So here is what our large program looks like with BL and RET instructions added.

sumOfN:
  //Compute sum of integers from 1-n where n is given by the caller in w0
  add w1, w0, #1    //Compute n+1
  mul w1, w0, w1    //Compute n * (n+1)
  lsr w1, w1, #1    //Divide the result by 2
  ret               //Return to the address in X30

//Main program starts here...
//Lots of complicated scientific computations
.
.
.
mov w0, #6
bl sumOfN //Branch to the code that computes sum-of-N

//Once sumOfN is done execution begins from the instruction below
//Use value in w1 as an input to more complicated computations...
.
.
.
mov w0, #22
bl sumOfN //Branch to the code that computes sum-of-N

//Once sumOfN is done execution begins from the instruction below
//Use value in w1 as an input to more complicated computations...
.
.
.
//So on and so forth

Note that it is possible to use just plain branch instruction to jump to sumOfN and back. We can do this by storing the return address in a X register ourselves and then jumping back to the address in that register. However, using BL/BLR and RET gives hint to the processor that a function is being called and will eventually return. The processor can use this information to execute the program more optimally.

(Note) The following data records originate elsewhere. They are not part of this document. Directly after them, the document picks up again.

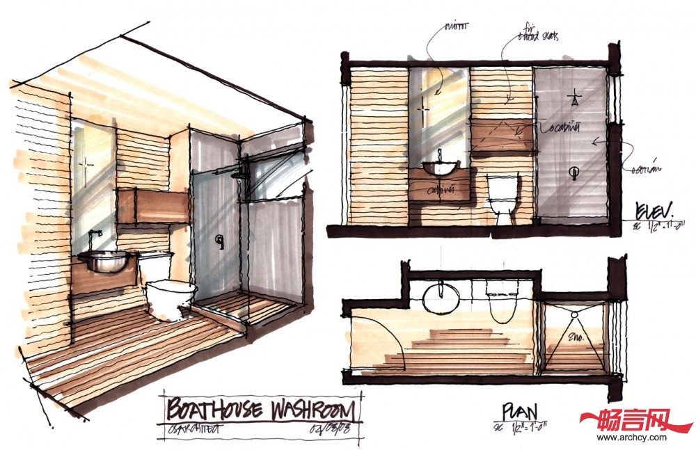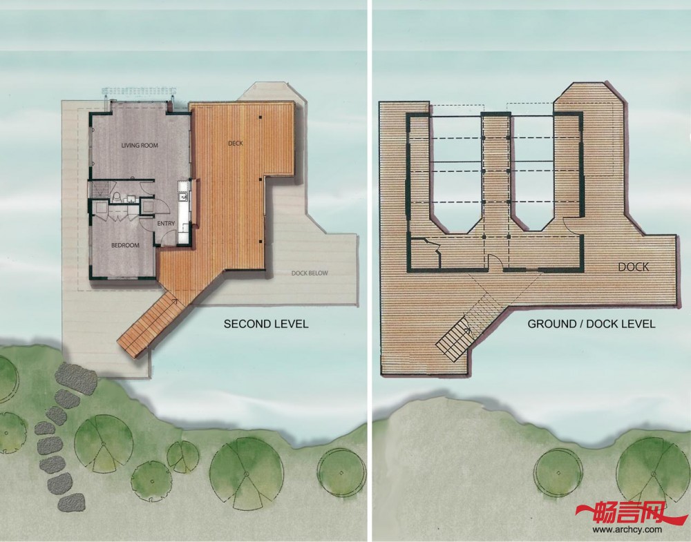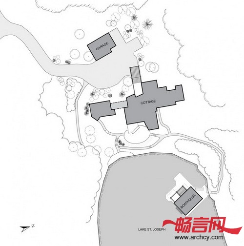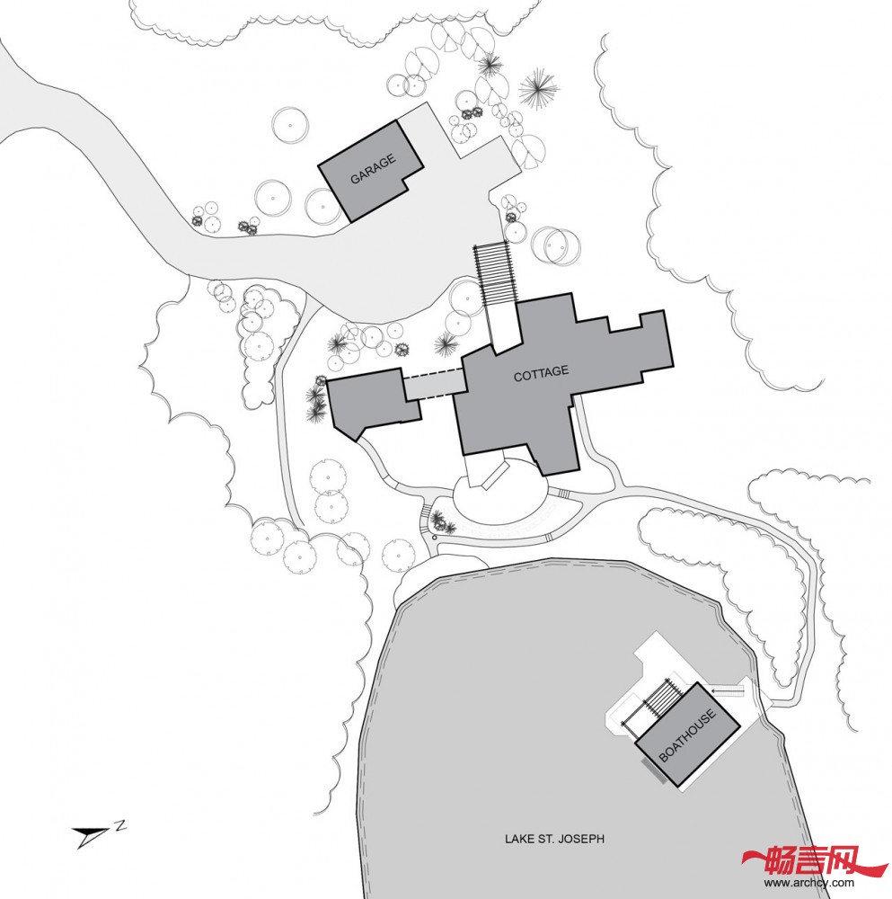 此项工程的任务是对一个旧船库进行修理,并新建约57平米的二层宾客套房和一个屋顶露台。项目的地址在蒙特利尔的马斯科卡湖(Muskoka Lakes)地区,位于一个狭窄的海湾尽头,新船库的设计既保证了有宽广的观湖视野,又与海湾封闭的森林岸边相连。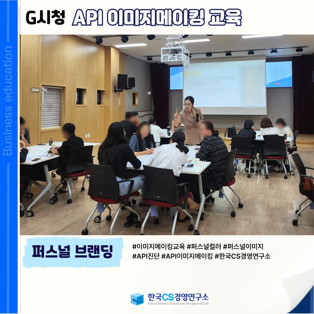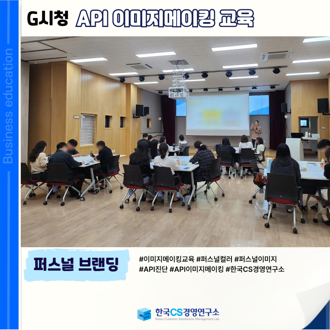 <G시청> 직원분들과 함께 개인의 강점과 개성을 효과적으로 표현하고, 외적‧내적 이미지를 전략적으로 관리하여 신뢰감 있고 매력적인 인상을 구축할 수 있도록 'API 이미지메이킹 교육'을 진행하였습니다.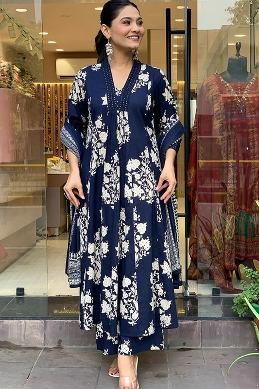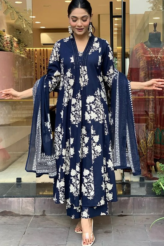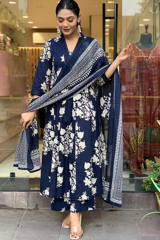 Americanchoice Cotton Navy Blue Printed Kurta With Pant & Dupatta Set
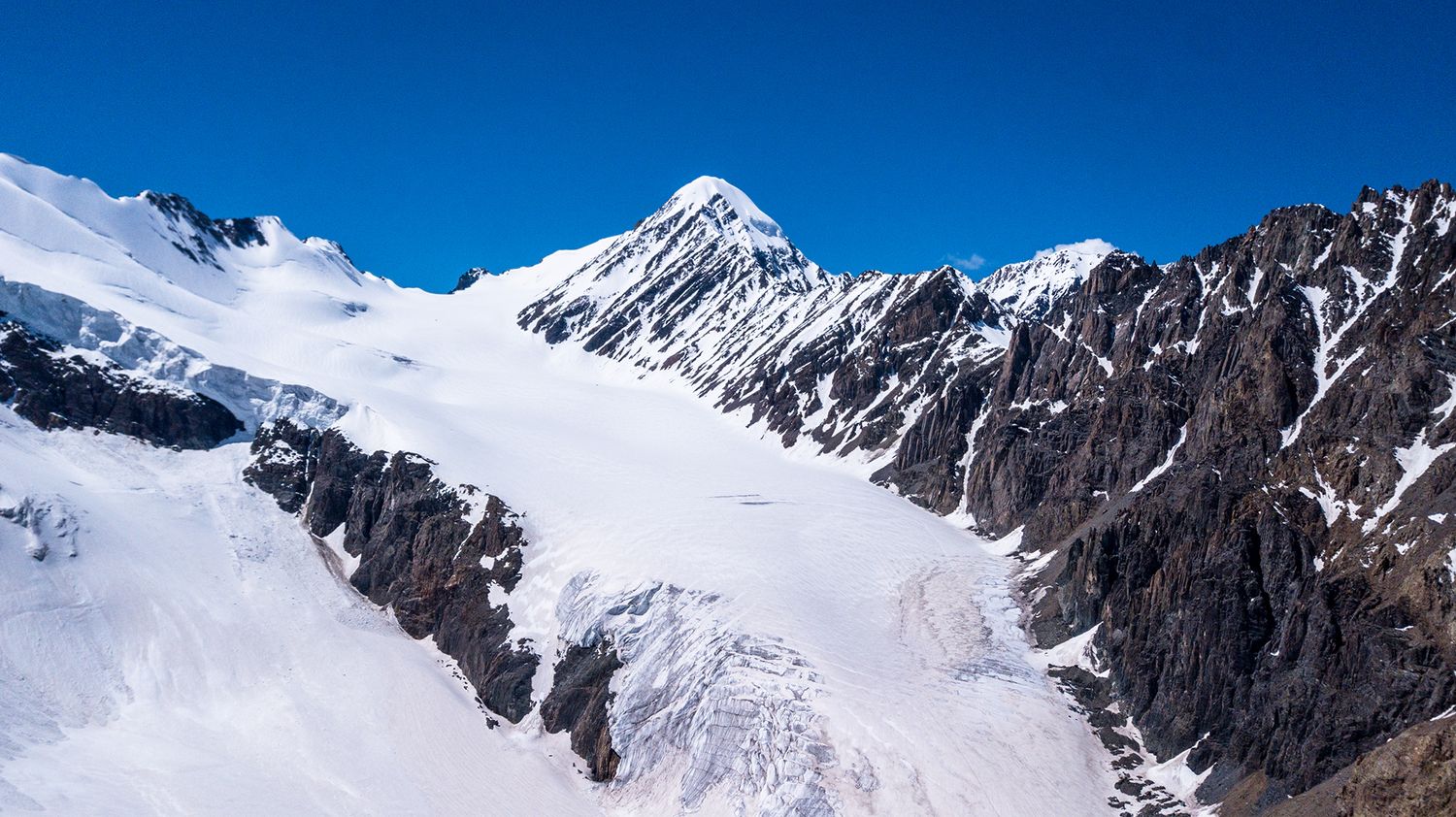Ледник Большой Актру, площадью более 11 кв. км и протяженностью около 8 км, является главным и самым крупным из ледников Актру. Мощность льда в некоторых местах достигает 350 м. Он имеет два рукава — меньший по размеру Правый Актру и больший — Левый Актру.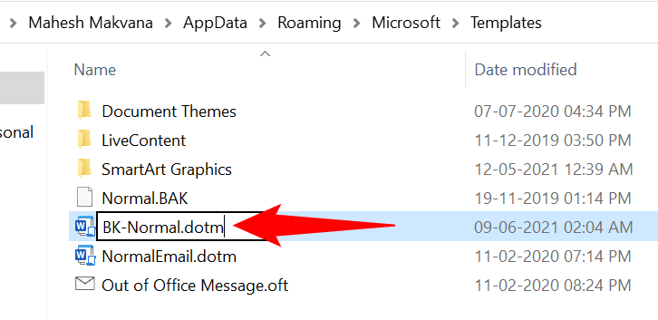 - Right-click the **Normal.dotm** file and choose **Rename**. * Type **BK-Normal.dotm** as the new name and press **Enter**.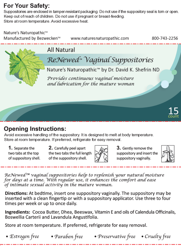 Renewed Vaginal Suppositories help to replenish your natural moisture for days at a time. With regular use, it enhances the comfort and ease of intimate sexual activity in the mature woman.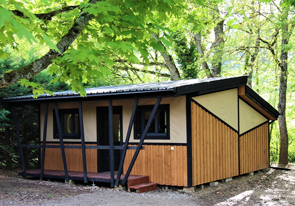 Onze "Lodge Eclipse" is een kwaliteitshuis, 100% handgemaakt en eco-ontworpen, met edele, lokale materialen. Hij staat op een schaduwrijke plaats op de gemeentelijke camping Les Écureuils in Recoubeau-Jansac.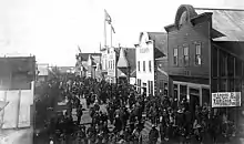Fires in 1905 and 1934,[30] as well as violent storms in 1900, 1913, 1945 and 1974, destroyed much of Nome's gold rush-era architecture. The pre-fire "Discovery Saloon" is now a private residence and is being slowly restored as a landmark.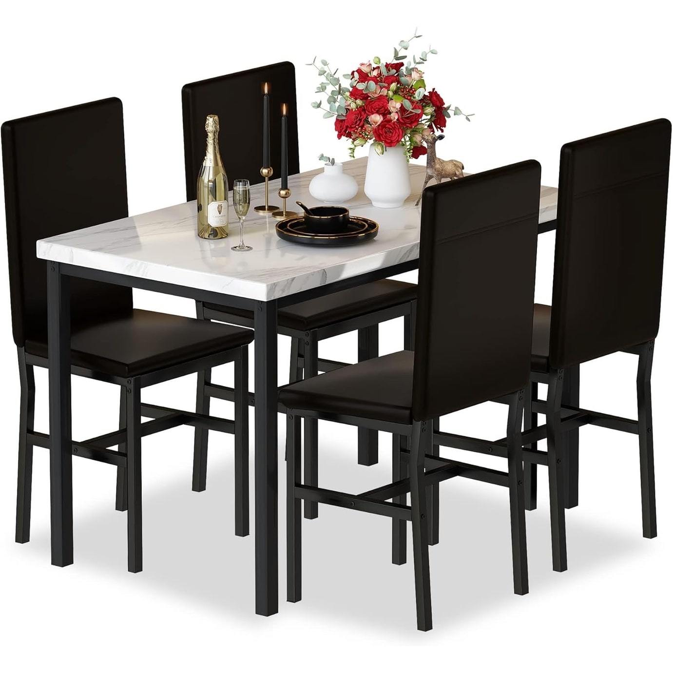 Modern 4-Piece Dining Set with Faux Marble Table & PU Leather Chairs, Space-Saving Kitchen Table Set for Small Spaces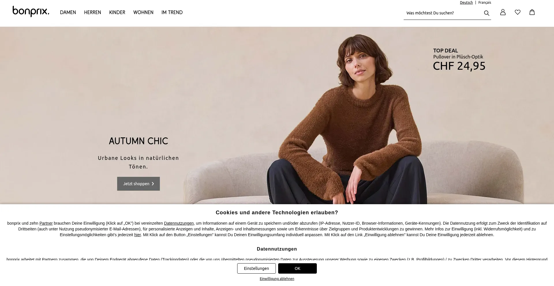 Analysis indicates that bonprix.ch operates as an e-commerce platform facilitating online transactions for goods or services. The website implements shopping cart functionality, payment processing systems, and product catalog features typical of commercial retail operations.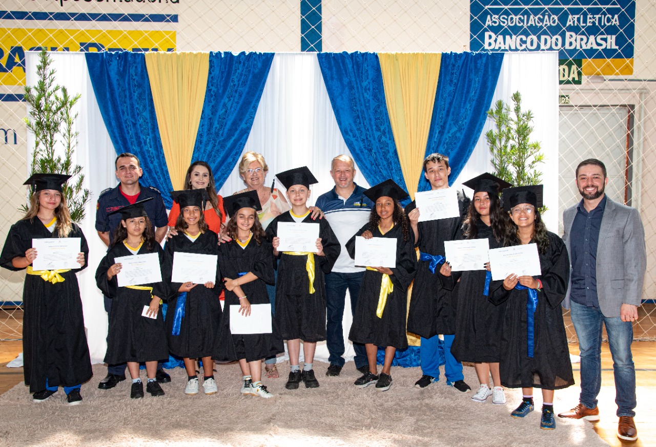 O secretário de educação, Wagner Machado, também se pronunciou. “Parabéns aos pais que incentivam seus filhos em participarem de uma iniciativa tão grandiosa. Saibam que todo este nosso esforço para que este projeto seja cada vez melhor, é para os filhos de vocês, para essas crianças que são o nosso futuro”, salientou. Emocionado com o momento da formatura, o garoto Otávio, de 10 anos, aluno da Escola Dona Leopoldina, de Linha João Alves, levou os pais, Jonas e Fabrine Costa para prestigiar a solenidade. A mãe era só alegria. “É muito bom passar por isso, fico feliz pelo meu filho, porque ele está fazendo uma coisa boa e que faz dele uma pessoa melhor”, afirmou ela. Também prestigiou o evento, representando o 6º Batalhão de Bombeiros Militar, o capitão Thalys Rian Stobbe.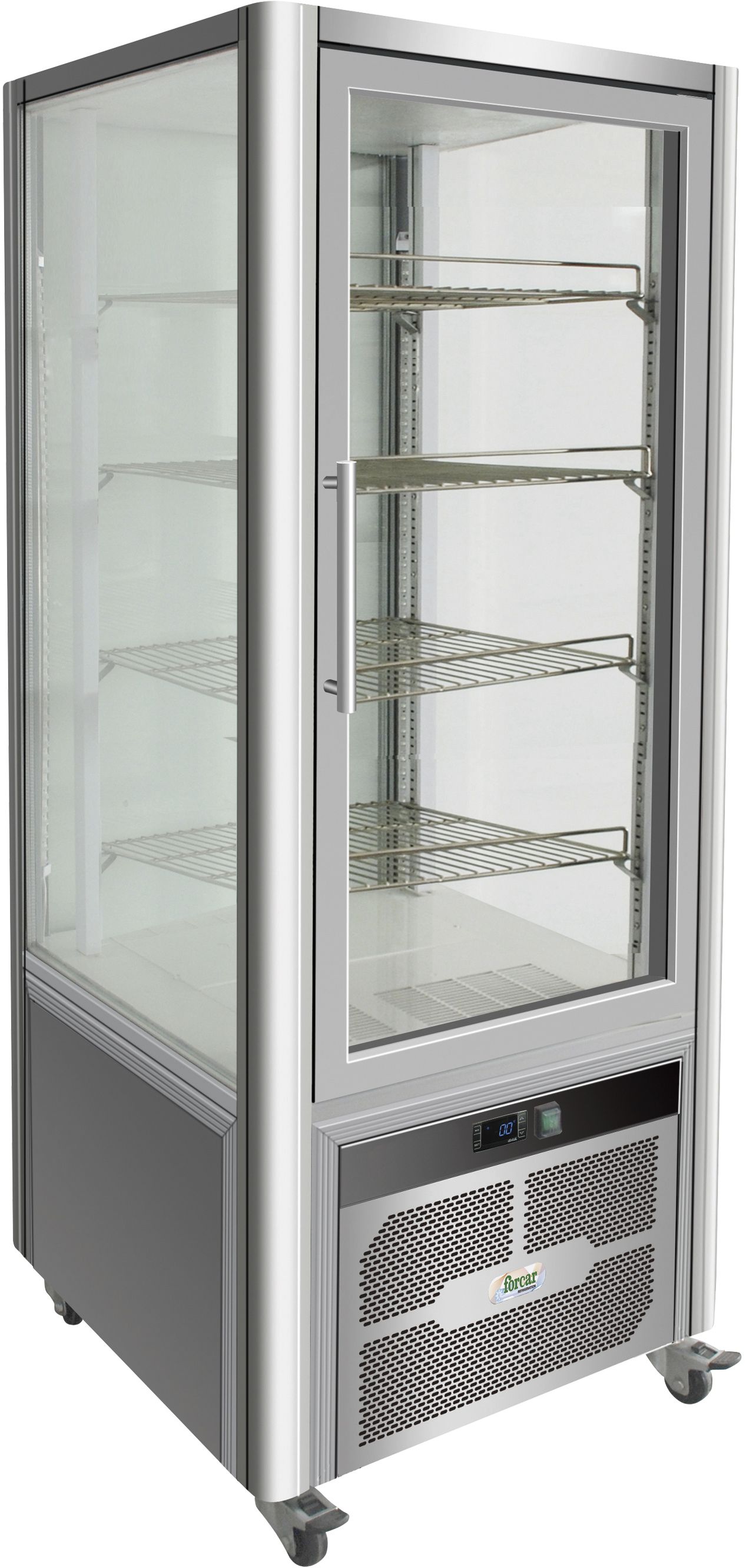 Vetrinetta espositiva refrigerata ventilata con struttura in vetro e acciaio inox. E' dotata di sbrinamento automatico con vaschetta per evaporazione acqua, luce interna a led e controllo della temperatura elettronico. I quattro lati espositivi con vetri camera offrono una panoramica di tutti i prodotti mantenendo l'efficienza termica.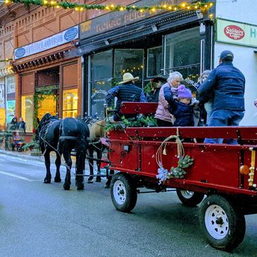 We offer public wagon rides with a variety of wagons for Weddings, Tours, Christmas caroling, Parades and Parties. Ride with us at the Georgetown Colorado Christmas Market this December.
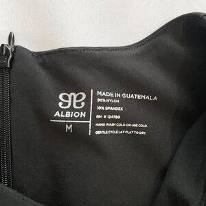 ALBION BLACK RUFFLE NYLON ELASTIC WAIST ROMPER, As described by ALBION : Squat, jump, dance, skip, or sprint in our new one-piece, black romper. Built like Albion Fit sprinter shorts on the bottom, this romper is the perfect length for movability and coverage. This casual romper has an elastic drawstring waist (plus pockets!) and transitions to a relaxed tank top. Trimmed with sweet ruffles and a zipper at the back this women’s romper is a NEED. Whether you're hitting the tennis courts, heading to the beach, or pairing it with cute sandals for a date, this is your go-to for easy, cute, and comfortable style.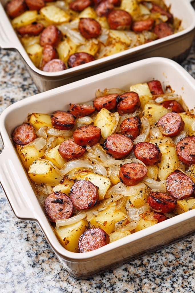 Grandma Bev’s rule: if it’s bubbling at the edges, it’s ready to make everyone happy. This sausage and potato casserole is exactly that kind of dish—simple, cozy, and built from pantry staples. Smoked sausage, onions, and potatoes bake together until the sausage coins are browned and the potatoes turn tender with caramelized edges. It’s very much a Midwestern-style oven supper: practical, budget-friendly, and designed to feed a hungry crowd with minimal fuss. You slide the pans into the oven, wait for that bubbling edge and toasty top, and dinner is done.

The key points to understand from the above discussion are:

  • Jump to functions using BL/BLR, return from the function using RET
  • X30 is a special register that is used by BL to store the return address

Exercise 1A: Function to count leading zeros

In this exercise you will write a assembly function to count the number of leading zeros in a given number. The number will be specified in register w0. The function should return the count of leading 0s in register w0. What are leading zeros? They are the 0s that occur in a binary number before the first 1. For example, the 32-bit representation of 1 is 0b00000000000000000000000000000001. It has 31 leading 0s.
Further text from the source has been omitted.